Two habitable structures, chain-link fences dismantled to make way for road in Amelia’s Ward

CHPA CEO clarifies

Chief Executive Officer of the Central Housing and Planning Authority (CHPA), Sherwyn Greaves has clarified that only two habitable structures were demolished at Amelia’s Ward, Linden to make way for an access road. The others varied from chain-link fences, to wooden and concrete foundations.

The CEO was at the time engaging the squatters on Monday, at the Regional Housing Office in Crabwood Street, Linden, where he outlined alternative housing solutions for the sixteen squatters who came forward to lay claims to structures which were demolished.

Greaves noted that while the exercise was unfortunate, it was necessary to facilitate the development and regularisation of the area. The Government has allocated some $364 million to commence the infrastructural works in Amelia’s Ward.

Greaves, however explained that following a visit by CHPA in December 2020, an inventory was conducted where 152 structures were found. There were no structures in the path of the road, however, squatters in the area were advised against erecting new structures, and making additions to existing structures.

“These structures weren’t here when we first visited in December. They are new structures and unfortunately, they fell directly where the roads were going and they had to move. However, those persons will be reallocated house lots in other locations so that they will not be out of residence,” he noted.

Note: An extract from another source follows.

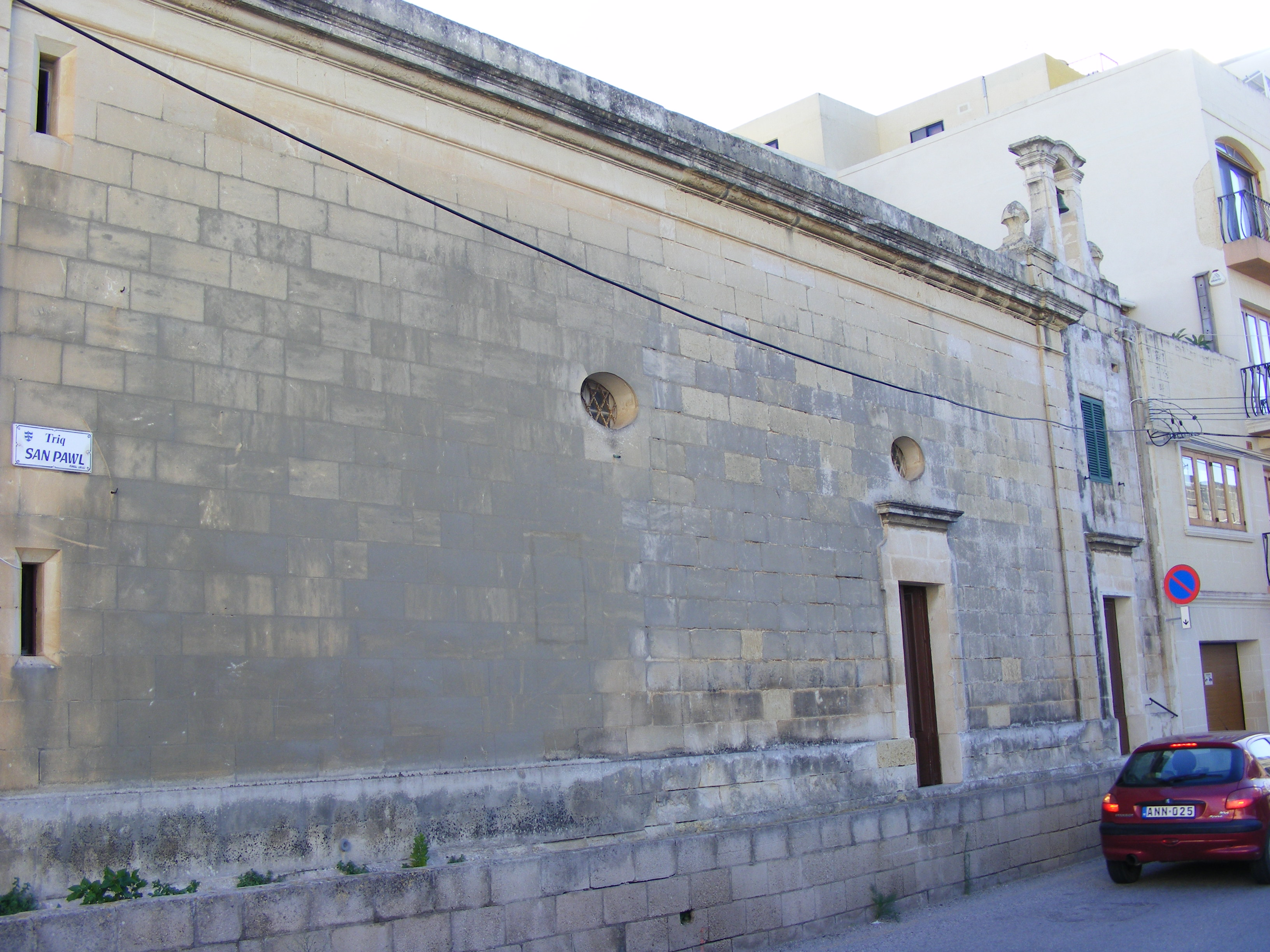 Side wall of Our Lady of Carmel Church, Triq San Pawl, San Pawl il-Bahar (St. Paul's Bay), Malta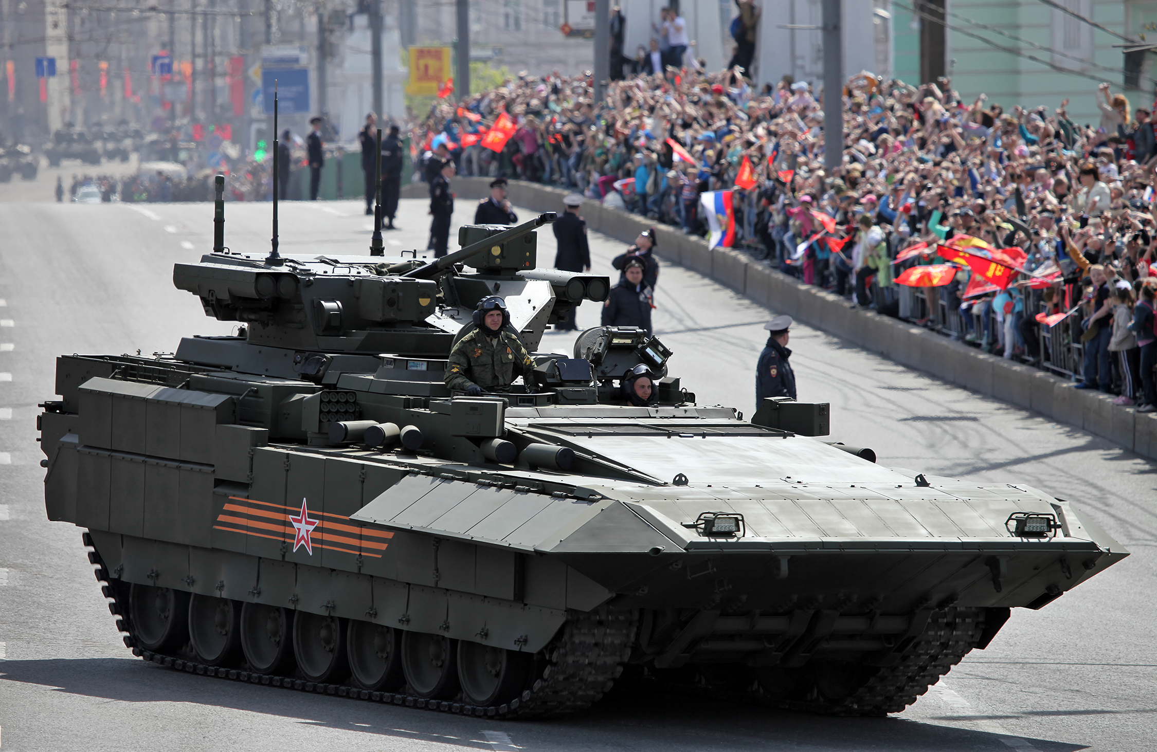 Heavy IFV T-15 object 149 Armata (in the streets of Moscow on the way to or from the Red Square)

Nevertheless, the two families which had permanent structures were given the alternative to access housing units, while the remaining persons were offered house lots.  The residents have since agreed to the resolution to the matter and indicated their willingness to be relocated.

The CEO noted that those persons whose claims were documented, allocation of the house lots will commence as early as Friday. Persons will be allocated house lots based on their income category.

Greaves reiterated that the issue of squatting is causing major setbacks in the housing drive for Region Ten.  He noted that while there are genuine instances, where persons are forced to occupy lands illegally, this practice cannot and would not be encouraged.